Task: Pictures stay out of the answer, but every line of the material must be restated exactly.

Information shown:
○ ○ ○ ○ ○

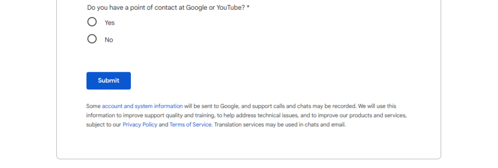 | Do you have a point of contact at Google or YouTube? * | GoogleもしくはYouTubeに担当営業はいますか? | No |
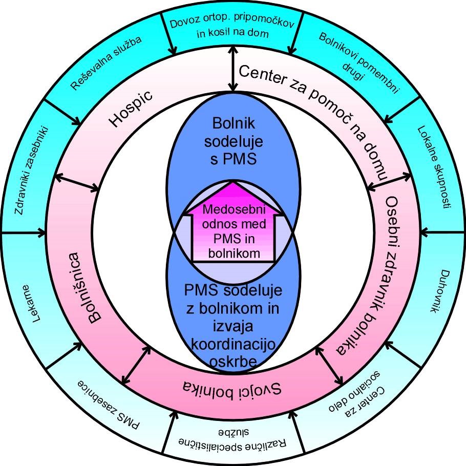 Shema prikazuje koordinacijo zdravstvene nege in oskrbe v domačem okolju pri paliativnem bolniku (Vrtovec, 2009b):
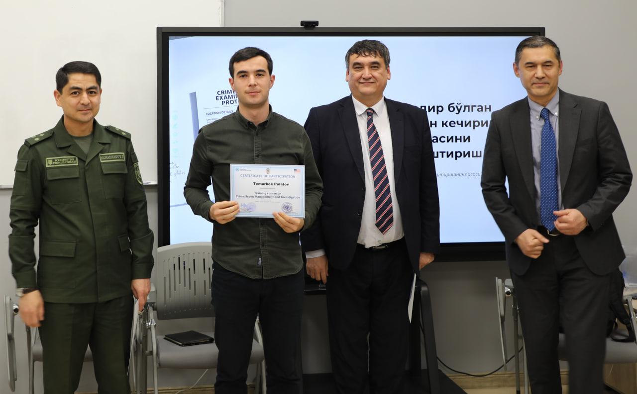 Huquqni muhofaza qilish akademiyasida BMT Giyohvandlik va jinoyatchilik bo‘yicha boshqarmasi (UNODC) hamda AQSH Davlat departamentining giyohvand moddalarning xalqaro aylanmasiga qarshi kurashish va huquqni muhofaza qilish masalalari bo‘yicha byurosi (INL) bilan hamkorlikda prokuratura organlari tergovchilari va ekspert-kriminalistlar uchun «Hodisa sodir bo‘lgan joyni ko‘zdan kechirish va boshqarish» mavzusida besh kunlik xalqaro seminar-trening tashkil etildi.

○ ○ ○ ○ ○

The answer:
 | Do you have a point of contact at Google or YouTube? * | GoogleもしくはYouTubeに担当営業はいますか? | No |
 Shema prikazuje koordinacijo zdravstvene nege in oskrbe v domačem okolju pri paliativnem bolniku (Vrtovec, 2009b):
 Huquqni muhofaza qilish akademiyasida BMT Giyohvandlik va jinoyatchilik bo‘yicha boshqarmasi (UNODC) hamda AQSH Davlat departamentining giyohvand moddalarning xalqaro aylanmasiga qarshi kurashish va huquqni muhofaza qilish masalalari bo‘yicha byurosi (INL) bilan hamkorlikda prokuratura organlari tergovchilari va ekspert-kriminalistlar uchun «Hodisa sodir bo‘lgan joyni ko‘zdan kechirish va boshqarish» mavzusida besh kunlik xalqaro seminar-trening tashkil etildi.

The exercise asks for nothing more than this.